September 18, 2008 by Administrator 

new-sellers-guide-pic.jpg

**The United States has over 12,000 businesses that buy and sell used jewelry, watches, and diamonds. Not all are the same. When deciding on whom to entrust with your fine jewelry transaction, be selective, do research, and choose only those businesses that specialize and understand the current jewelry market.

**The best prices for fine diamond jewelry, fine gemstone jewelry, and designer gold jewelry are based on more than simple gold or gemstone weight. Ask questions of the business you are considering selling your jewelry to. Make sure they demonstrate a clear understanding of jewelry materials, jewelry brands, and jewelry craftsmanship.

**Obtaining a loan on fine jewelry is an excellent way for people to maintain anonymity and protect their credit rating. Loan operators don’t do credit checks. If the customer can’t pay back the loan it doesn’t hurt their record. The loan operator simply keeps the collateral.

**Keep in mind when selling jewelry that there are several people who are involved in the transaction, all of whom need to make a profit margin to survive and continue offering their services. These include the gold refiners if the jewelry is being melted down; the re-sellers if your jewelry is being sold again; and of course the primary business who you are dealing with.

**It is not only gold jewelry which can be used effectively for collateral or sold to provide customers with extra cash for their needs. Platinum and palladium jewelry can also be used. The prices for all precious metals are at very high levels, making now one of the best times to get a good return on the jewelry that is no longer worn.

**Not all jewelry can be resold or used as collateral. Very few businesses will accept costume jewelry, unless it a very rare item. And silver jewelry is worth only a fraction of what gold jewelry is worth, although some kinds of designer and/or antique silver jewelry can be valuable.

**For simple gold jewelry, the rule of thumb is to accept 50%-80% of gold’s current trading price, otherwise known as the “spot price”. Remember that 24K jewelry is pure gold, 18K is 75%, 14K is 58%, and 10K is 41.7%. For name brand fine jewelry and designer pieces (such as Tiffany, Cartier, Van Cleef & Arpels) you can expect to get higher prices, depending on the condition of the piece, as well as the maker, and overall desirability.

**Selling fine jewelry is a “green” act, a method of recycling that diminishes the need for increased mining of gold and gemstones. In addition, when platinum is melted down it often finds its way into new car engines, where it serves as a catalyst in devices that remove automotive pollutants.
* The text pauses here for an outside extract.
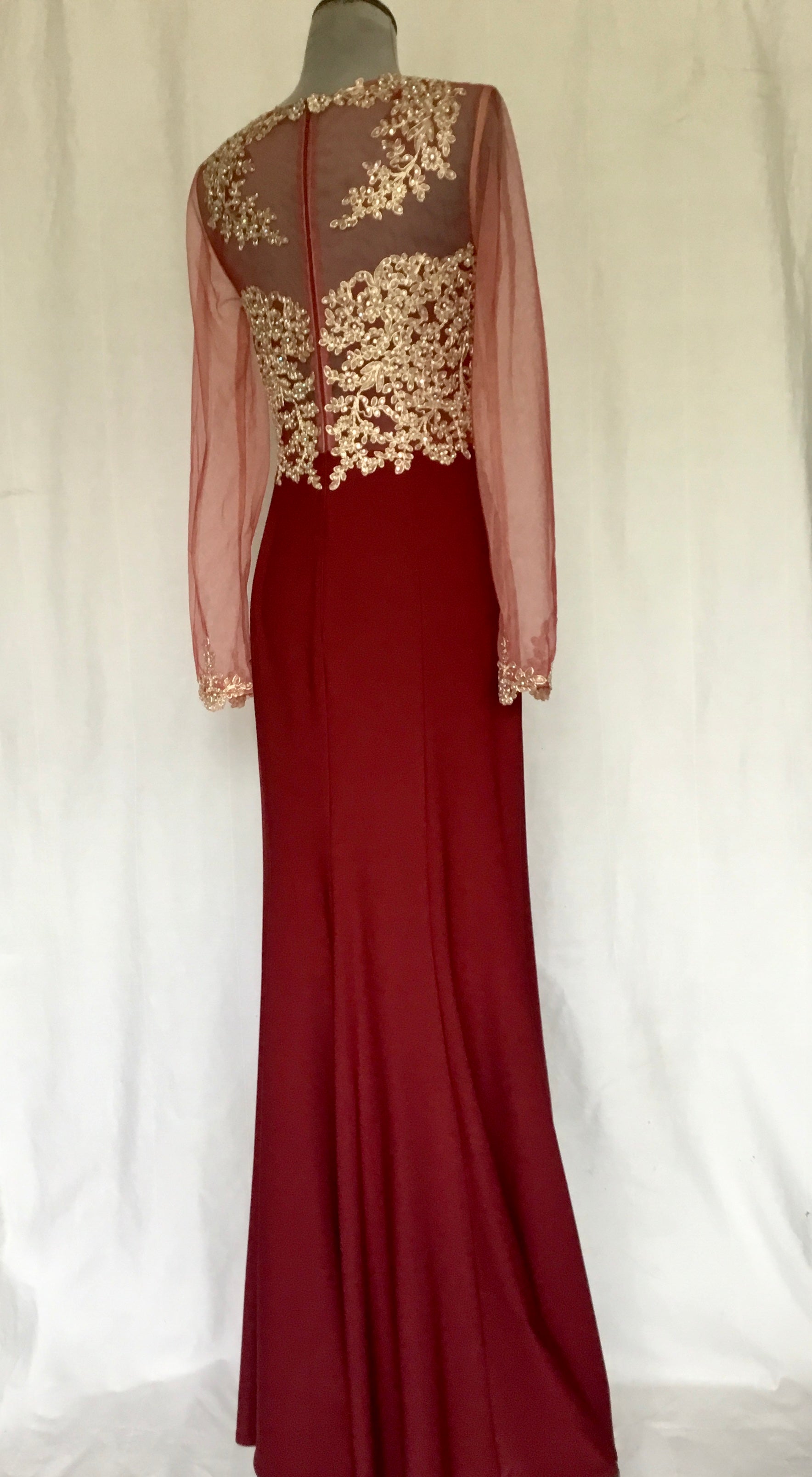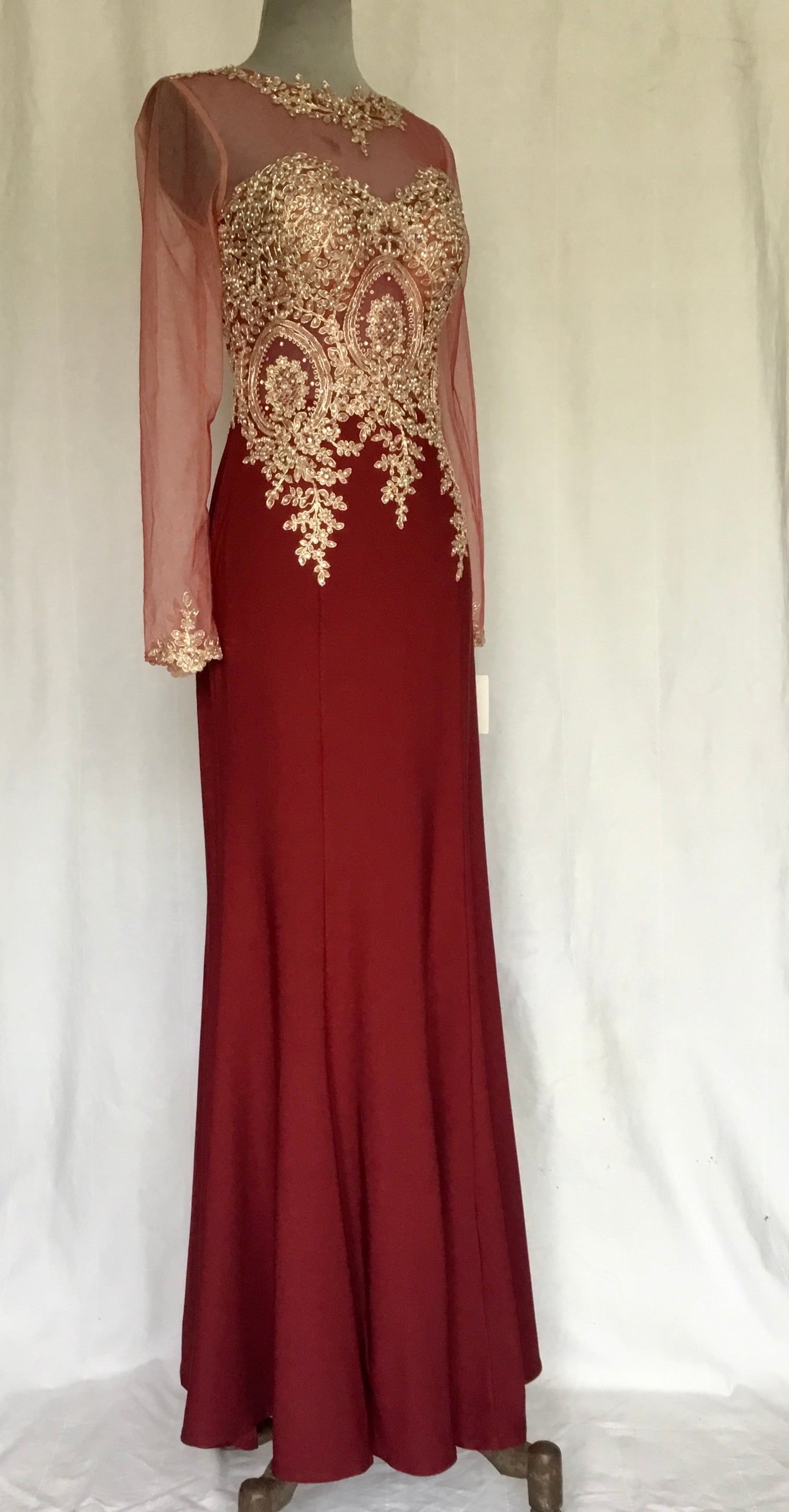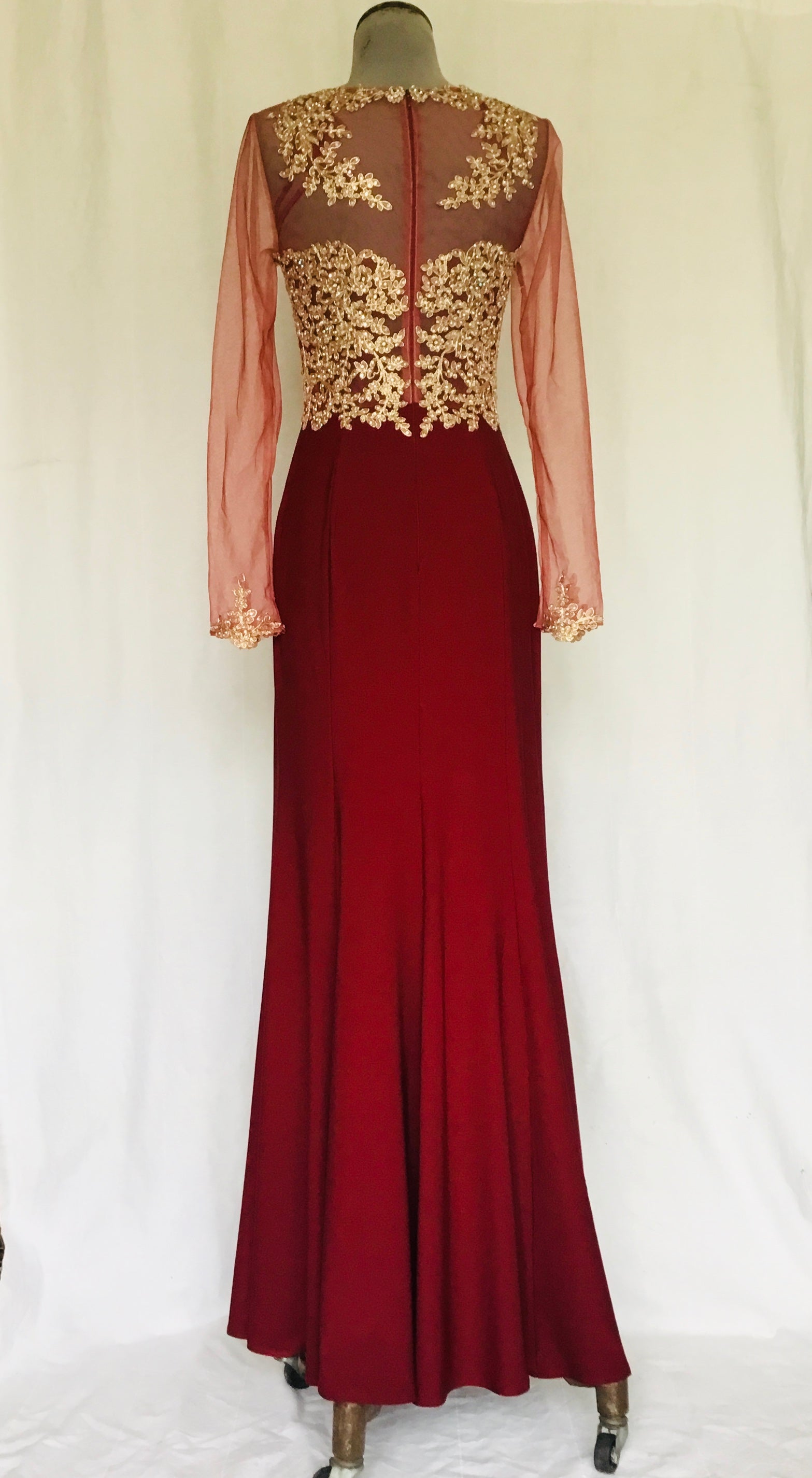 Make a conscious statement in this eco-luxury burgundy evening gown, where timeless elegance meets sustainable fashion. This floor-length stunner features a structured silhouette that flatters the figure while exuding sophistication and grace. The bodice showcases delicate gold floral embroidery over a sheer mesh yoke and sleeves, creating a regal illusion neckline and refined long sleeves that offer both modesty and allure.

**Beware of sending your fine gemstone jewelry through the mail to gold buyers. There is always an unnecessary risk involved by allowing your fine jewelry to leave your sight.

**When dealing with an unknown business it is always a good idea to search for complaints filed against a company with the Better Business Bureau at www.bbb.org and other online consumer sites.

**It is estimated that 25% of customers walk away from a loan based on product collateral. Be aware of this and do not risk using an important family heirloom for a loan. If your jewelry is melted down it is lost forever.

**To ensure the best price for your gold jewelry, deal only with those buyers who set their scales in grams. Some buyers set their scales in penny weight (1.55 grams), which likely means less money for you.

**Avoid those businesses which charge an unreasonably high interest rate on their loans. In states like Texas the legal rate for short term loans can go as high as 240%! Do not allow a troubling financial situation force you into such a loan arrangement. There are always businesses to be found that will charge you a reasonable interest rate. And if you need help, seek guidance from a free consumer credit management service, such as: http://www.debt-mgt.org/ or http://www.familycredit.org/.

**In a world of dwindling natural resources and increasing demand from developing countries, gold jewelry continues to escalate in value. Although now at record levels, some experts predict that gold prices will increase to $1500 an ounce over the next 3 years.

**Along with precious metals, diamonds also have historically increased in value and are expected to continue to do so. According to Pricescope.com, the price of high-quality diamonds over the past 20 years has increased 40-80%–while the Rapaport Report (the diamond industry’s price-reference bible) states that asking prices for diamonds increased by 25% in 2007-2008. Specifically, there has been a dramatic increase in the prices of large diamonds (over 4 carats) during the last several years.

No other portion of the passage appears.